I used an expression vector containing a Transcription Factor and a GFP cDNA. I co-transfected it with pGL3-basic which contains a promoter fragment into HeLa cells. I have included all the necessary controls, but the results were disappointing. The relative luc activity of the empty GFP vector is similar to the GFP expression vector with the TF insert.
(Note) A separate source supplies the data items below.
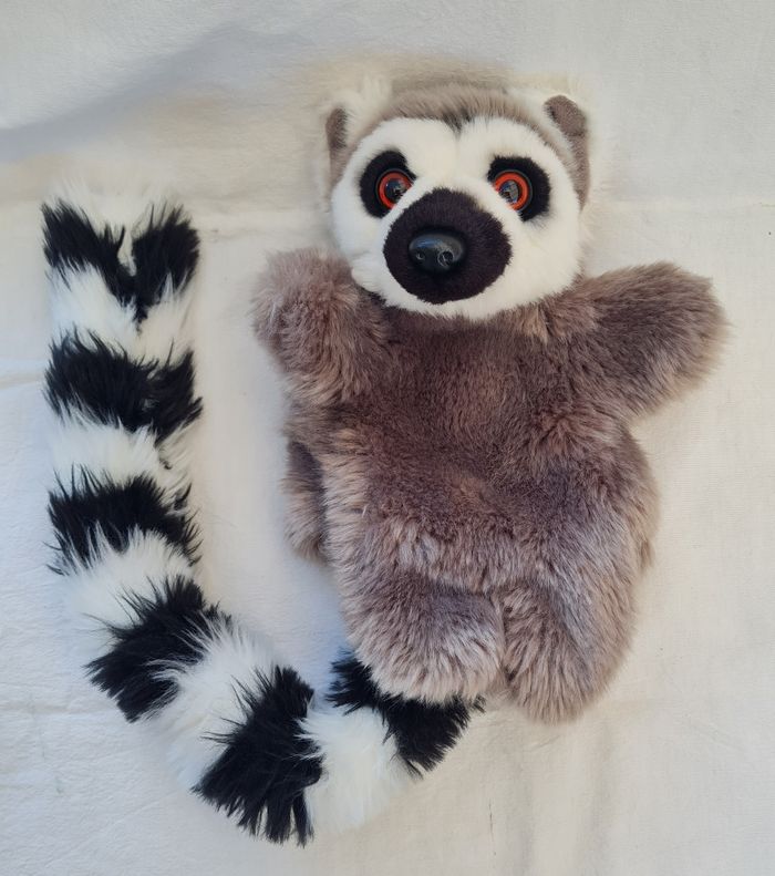 Doudou marionnette Lemurien blanc et gris - Longue queue - Eco-6
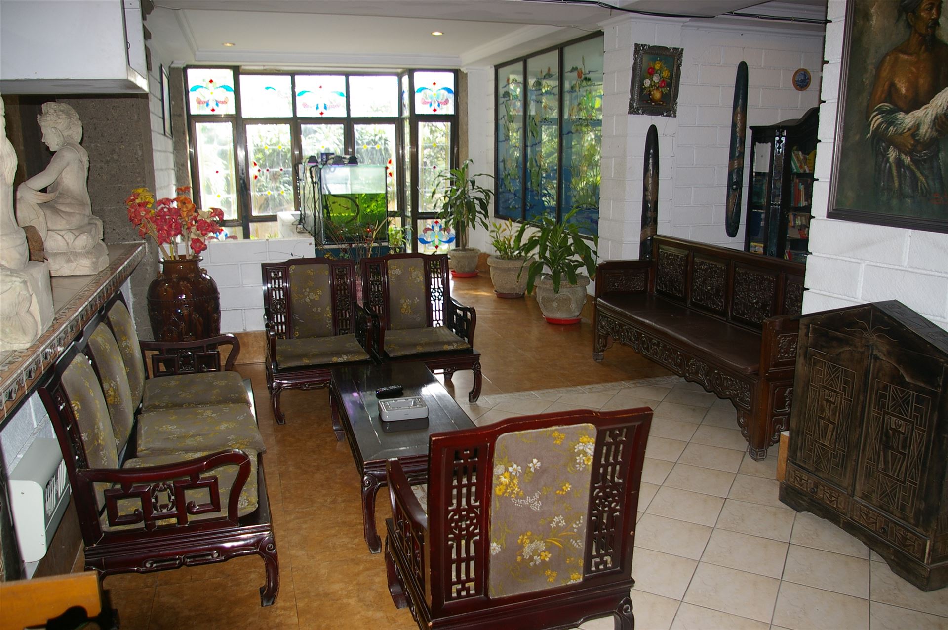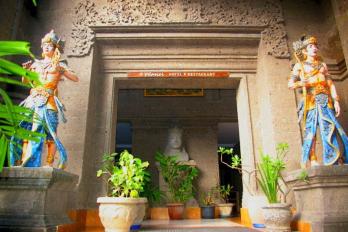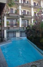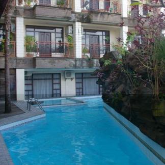 Das einfache Vilarisi Hotel, im Inneren aufwendig mit indonesischen Steinmetzarbeiten dekoriert, verfügt über eine kleine Lobby und ein Restaurant (im Restaurant kostenloser WiFi-Internetzugang). Eine urige Brücke führt zum kleinen Pool (sehr kleine Liegefläche mit einer begrenzten Anzahl von Liegen), auf der Dachterrasse (5. Stock, Lift) mit fantastischem Blick über Kuta und die beeindruckende Berglandschaft im Hinterland stehen weitere Liegestühle zur Verfügung. Verschiedene Serviceleistungen wie Auto- und Motorradvermietung, Wäscherei-Service und Safe werden ebenfalls angeboten.
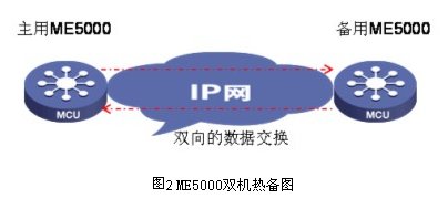 - ME5000采用雙機(jī)熱備技術(shù),2臺ME5000通過IP網(wǎng)絡(luò)(局域網(wǎng)、廣域網(wǎng))在線熱備,出現(xiàn)意外情況時(shí),備份ME5000將及時(shí)接替原ME5000將會(huì)議繼續(xù)召開,不需要終端進(jìn)行任何操作,保障會(huì)議延續(xù)。
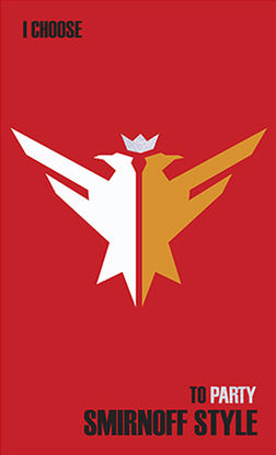 This design is intended as a packaging box for a bottle of holiday-themed Smirnov vodka. Elements such as glitter, a gingerbread man wearing a party hat, and mistletoe were incorporated to create an upbeat, holiday feel. Many Smirnov campaigns feature the slogan “I choose” with varying endings, so this campaign contains the slogan “I choose to party Smirnov style”.
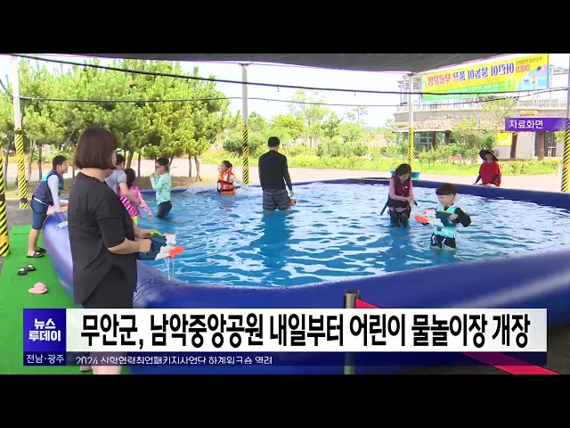 무안군이 오는 3일부터 18일까지남악중앙공원에서 임시 어린이 물놀이장을무료로 운영합니다.어린이 물놀이장은 대형 슬라이드 2개와풀장 3개를 갖춘 수영장으로 구성돼 있고그늘막 등 편의시설을 갖췄습니다.운영시간은 평일 오전 11시부터 오후 5시,주말은 오전 10시부터 오후 5시까지이며만 3세부터 초등학생까지 이용가...
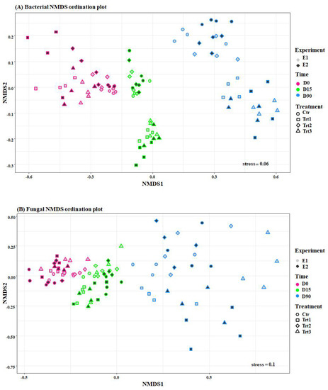 Ordination plots of non-metric multidimensional scale analysis (NMDS) using the Bray-Curtis dissimilarities of bacterial (A) and fungal (B) communities. Pink, green, and blue colors indicate different sampling times (D0: after 12 h; D15: after 15 days; D90: after 90 days) and show how both fungal and bacterial communities are grouped by time. The colors of the filling, grey and black, represent the two experiments (E1 and E2, respectively), and different shapes represent the treatments that grouped, mainly the bacterial community. Ctr: bulk soil; Trt1: soil with 10 g of beech wood pellets; Trt2: Trichoderma atroviride SC1 applied to the soil as a conidial suspension at the rate of 5 × 103 conidia g−1 of soil; Trt3: soil with 10 g of T. atroviride SC1 coated beech wood pellets at 5 × 105 conidia g−1.
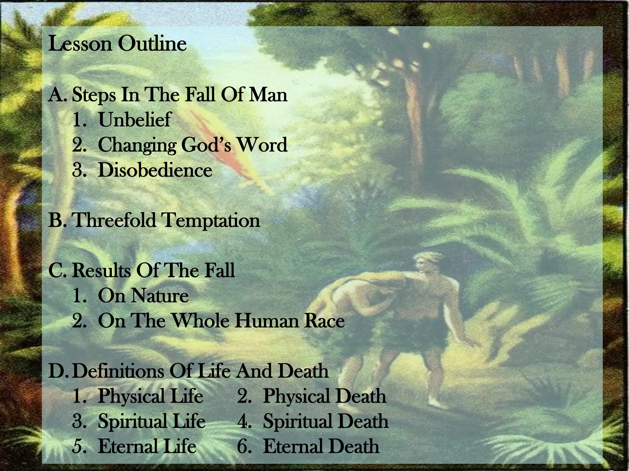 The document discusses the fall of man according to the Bible. It describes the steps in the fall as unbelief, changing God's word, and disobedience. Eve was tempted in three ways - by what was good for food, pleasant to the eyes, and what was desired to make one wise. The results of the fall were curses on nature and consequences for the whole human race, including physical death, spiritual death, and eternal death. It defines physical life, physical death, spiritual life, spiritual death, eternal life, and eternal death.
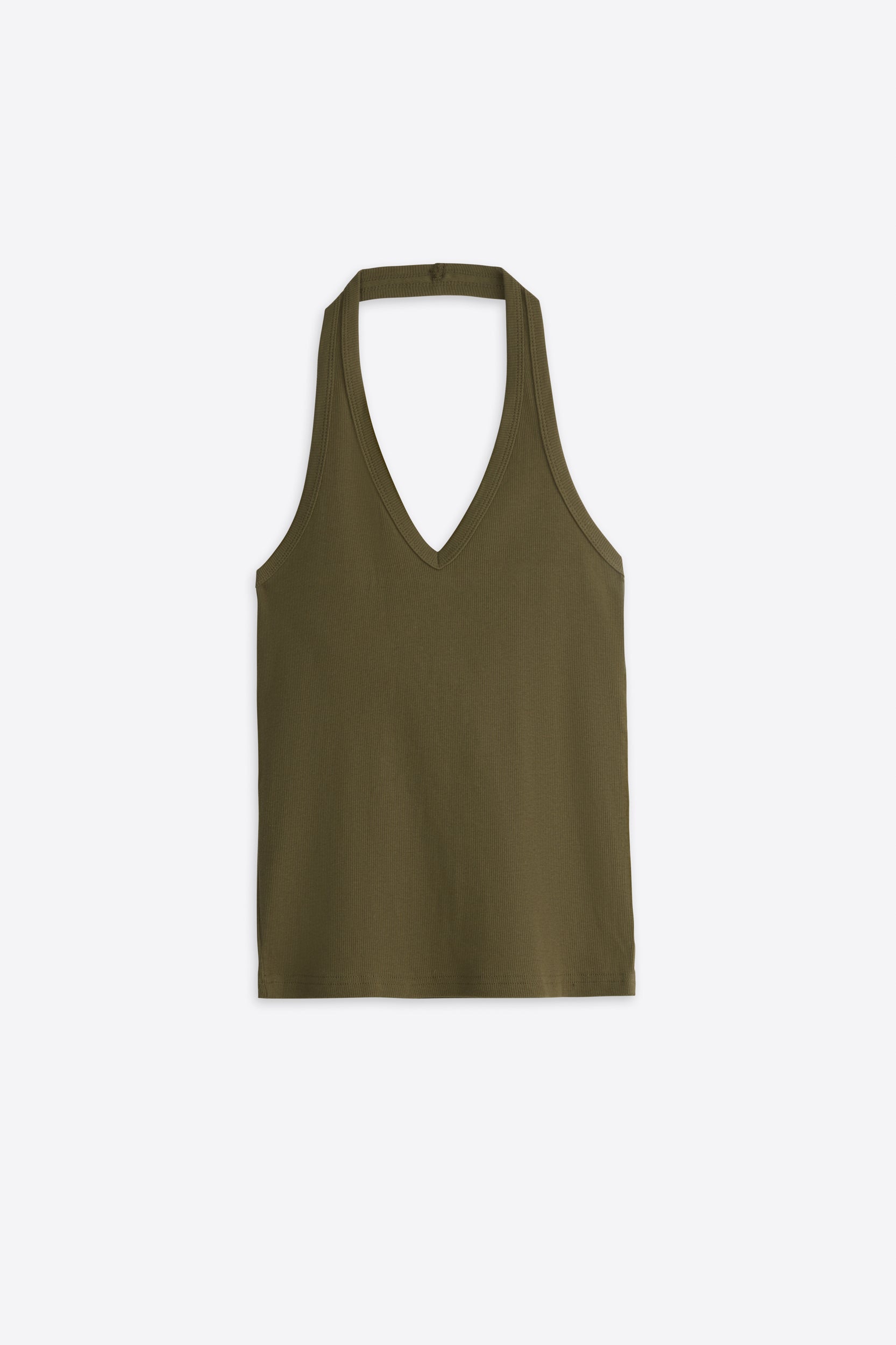 גופייה מבד ריב בגזרת קולר ללא קשירה נלבשת כחולצה קרובה לגוף
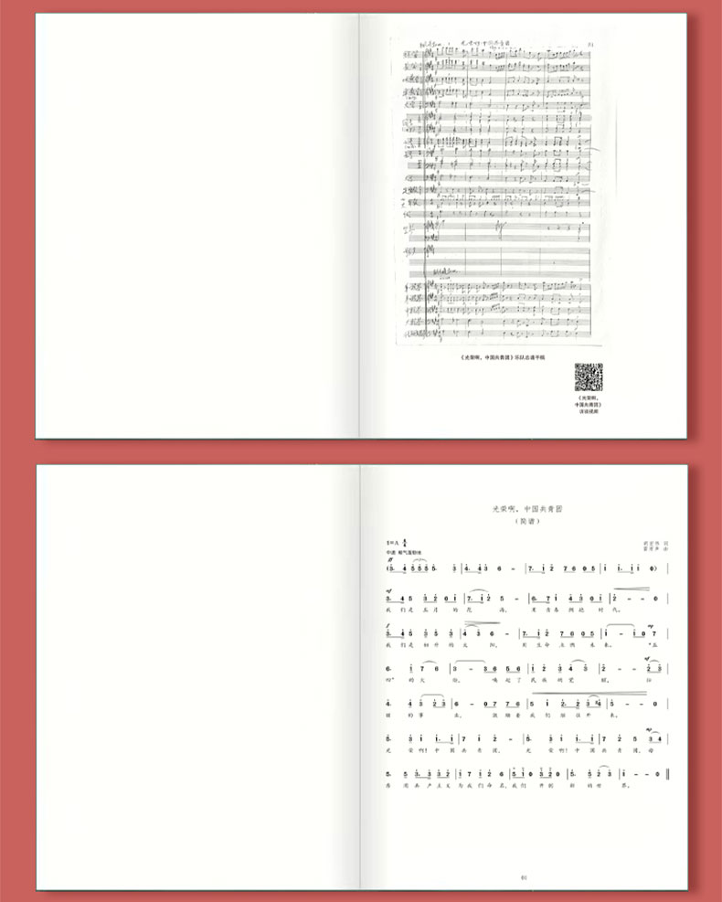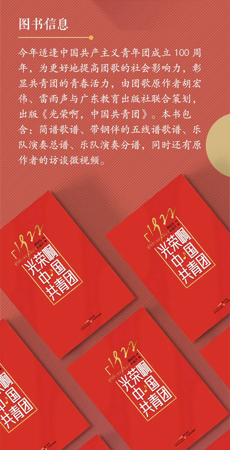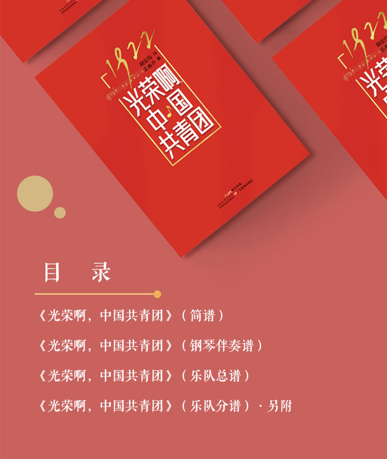 《光荣啊,中国共青团》中国共青团团歌钢琴伴奏的五线谱歌谱、乐队演奏总谱、乐队演奏分谱9787554848821广东教育出版社

Should I use such expression vector? Coz in my lab only have stock for it and i hv no time to prepare new.

Thx in advance.

-hkuspace graduate-

So you have an expression vecotr for the transcription factor fused to EGFP and an reporter in luc, and the co-transfection is not working.
Typically you need a reference plasmid of either beta-Gal or Rluc, how did that treatment work? This could tell you if your transfection was working.
Another thing: what was the ratio you used for the two? You need more reporter than EGFP-tf fusion vector. 2:1 to 5:1 is what I use, depending on the promoter strength.


Thx for suggestion, but should i optimize by adding:

(1) more TF-GFP expression vector & less pGL3-basic-promoter recombinat construct


(2) less TF-GFP expression vector & more pGL3-basic-promoter recombinat construct?


-hkuspace graduate-

Choose option 2, because it has a strong promoter, like CMV, while the promoter that you are studying is less active.